Появились деньги. Все складывалось просто великолепно: ведь тот зануда, который утверждает, что слава и деньги не приносят счастья, как правило, не обладает ни тем ни другим.
Цель оправдывает средства – Куинджи не скромничал. Эрудит, трудяга и почти полиглот, он днями просиживал в архивах и библиотеках, а ночами по десять раз переписывал статью, снова и снова, до тех пор, пока каждое слово не било в яблочко. После его рецензии старик Сазерленд свалился с инсультом. Ларс в интервью «Третьему каналу» заявил, что искусство требует жертв, и после еще что-то добавил по-латыни, равнодушно почесывая подбородок.
Он стал часто появляться в разных программах. Ведущие его уже побаивались, особенно после того, как Куинджи в прямом эфире разорвал в клочья задиру О’Райли. После еще минут пятнадцать задавал ему вопросы, как двоечнику, а под конец встал и сказал, что хотя передача еще не кончилась, у него нет ни малейшего интереса тратить время на беседу с невеждой и дураком, и посоветовал телезрителям тоже заняться чем-нибудь полезным. Извинился и вышел из студии.

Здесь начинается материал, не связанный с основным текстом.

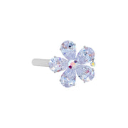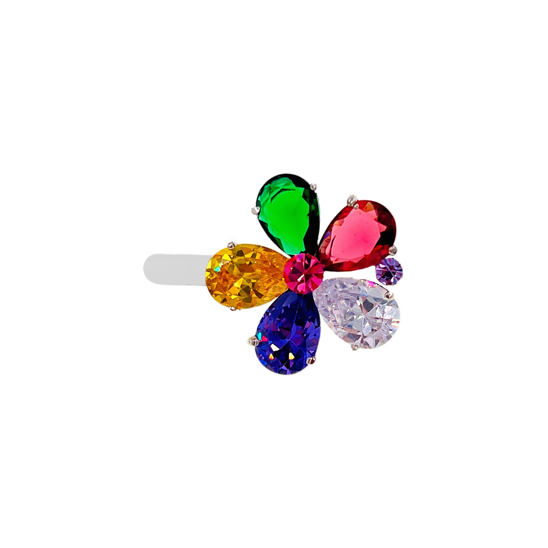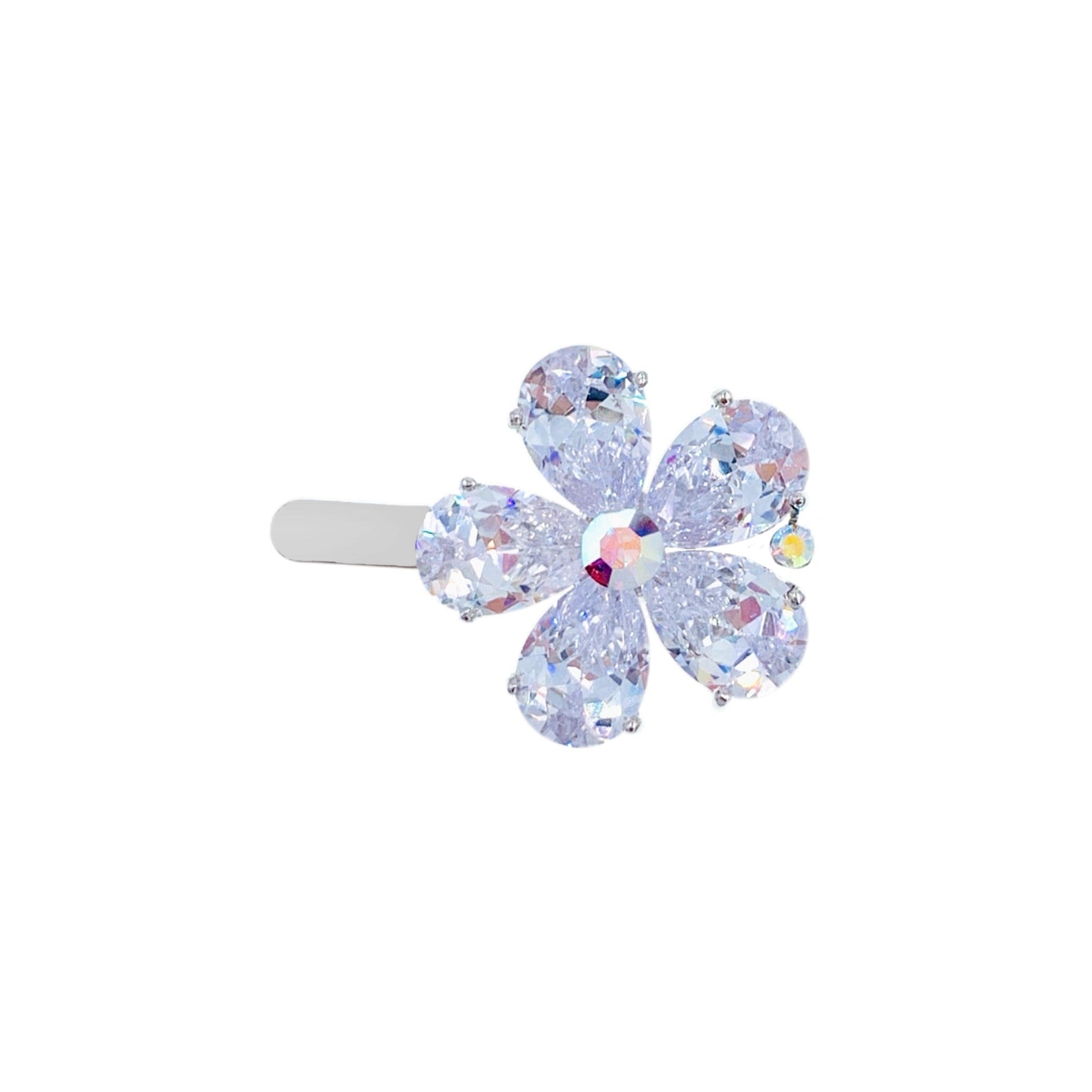 Five large 5A-grade teardrop-shaped cubic zirconia form the petals, while a central Czech crystal in matching or iridescent tones glimmers like morning dew — quiet, radiant, unforgettable.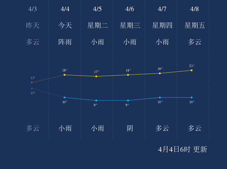中国天气网讯 今天是4月4日星期一,一起来看天气。

У Ивонны не было ноги, и это здорово усложняло дело – так бы Ларс давно уже ее бросил. По крайней мере, именно этим он оправдывал непомерно затянувшиеся отношения, которые он толком не мог даже классифицировать. Ну да, он с ней спал, но это тоже ни о чем не говорило.
Ивонна обладала редким даром: каждое слово, жест, улыбка, даже и не улыбка – тень, улыбалась она скупо, лишь бровями, само ее присутствие ощущалось как благодеяние, как милость. Ларса бесило ощущение задолженности, ощущение, что его облагодетельствовали, не спросив согласия.
Она почти не хромала: потеряла ногу в семь лет, с ее слов – угодив под газонокосилку на родительском ранчо где-то в окрестностях Цинциннати. Ивонна научилась ловко ходить на протезе, ее походка напоминала плавный танец, с едва заметным акцентом в нечетной доле. Эта синкопа придавала ей некоторый шарм, если, конечно, не знать, что левая ступня сделана из пластика телесного цвета.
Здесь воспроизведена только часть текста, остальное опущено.